Dean151 / Aln-Symfony

A pure PHP Symfony implementation to replace alnpet.com API
3 stars 2 forks source link

Add API Keys Support #16

Open natterstefan opened 2 years ago

natterstefan commented 2 years ago

Hi @Dean151,

once again, thank you for creating a replacement for the deprecated and now offline API for our pet feeder devices. I'm playing with your API, and I can't wait to see the final Deployment section in the README to set this up in my local network.

Until then, I've another feature request that's gonna be helpful when using the API with Smart Home Buttons like the AWS IoT Button and others: API Keys.

Feature Request

I ask for API keys as I am unsure how long the authentication token is valid without me updating IoT button requests again and again.

Thank you very much!

Dean151 commented 2 years ago

Seems like a reasonable ask. API keys are way less secure than renewable jwt (and I don't even know myself how many time they're stay valid either) ; but my pick would be less than 24h. I'll also add an option to customize this token validity threshold.
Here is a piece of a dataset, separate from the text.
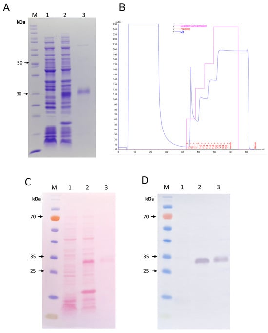 (A) 12% sodium dodecyl sulfate–polyacrylamide gel electrophoresis (SDS-PAGE) gel showing expression and purification of the recombinant JarC overexpressed in E. coli BL21 Star™ (DE3) at 37 °C. Protein was visualized on a 12.5% SDS/polyacrylamide gel under reducing conditions and stained with Coomassie blue R (Sigma-Aldrich, St. Louis, MO, USA). (B) Chromatogram of rJarC purification by Immobilized Metal Chelate Affinity Chromatography (IMAC). (C) For the analysis of rJarC expression by Western blot, proteins were separated by 12% SDS-PAGE, transferred onto nitrocellulose membrane, and stained with Ponceau red dye. (D) The nitrocellulose membrane was treated with an anti-His antibody for detection. For figures (A,C,D): The numbers on the left indicate the molecular mass markers (M). Lanes 1 and 2 show the extracts from BL21 Star™ (DE3) cells before and after induction with 1 mM isopropyl-β-D-thiogalactoside (IPTG), respectively; lane 3 shows the recombinant JarC purified by IMAC.

Dean151 commented 2 years ago

Just for the sake of it, your IoT button can trigger any script? If so, you can also create a password to your account, and then use that password to authenticate ; then trigger the meal in your script ; and wire that to the IoT button. I'm proposing that because usually the good practice for API keys is that they are to be used to authenticate and obtain an expirable token to be used then for the real thing.

natterstefan commented 2 years ago

I'll also add an option to customize this token validity threshold.

Thank you, I can't wait to see how one can deploy your solution in the own home network.

Just for the sake of it, your IoT button can trigger any script?

Good questions. It has been a while since I set up the button. But I quickly checked and yes it triggers a lambda function on AWS which runs node. So technically, I could do some more requests than just the one triggering the feed endpoint.

I'm proposing that because usually the good practice for API keys is that they are to be used to authenticate and obtain an expirable token to be used then for the real thing.

Yeah, you are right. Makes sense.

So this is the sequence of requests, correct?

POST user/reset (create password)
POST user/reset/consume (get a token)
POST POST feeders/{id}/feed

And I need to do this every time I hit the button because the token expires. 👍

Question though: what's the difference for you compared to API keys in that regard? I need a key (email+password) to obtain one that expires to get to the result I want. My code still needs to know the secrets (email+pw in this case). It's the expiration factor, isn't it? 🤔

Dean151 commented 2 years ago

I would say that the process would be two step:

  1. Manually create a password

    POST user/reset (ask for a one time login token)
    POST user/reset/consume (consume one time login token ; provide an authorization token for next steps)
    GET user/me (get your user id)
    PUT user/<id> (update your password)
  2. In your script (with password)

    POST user/login (get an authorization token using email/password)
    POST feeder/<id>/feed (trigger a meal)

Later, with the API token it'll be something like:

POST user/token/consume (use API token to get authorization token)
POST feeder/<id>/feed (trigger a meal)
natterstefan commented 1 year ago

Hi @Dean151,

just for the record, I want to confirm that steps 1 and 2 work flawlessly for my use case but require a server/serverless endpoint available somewhere. It's not a big deal with Vercel, for instance, though.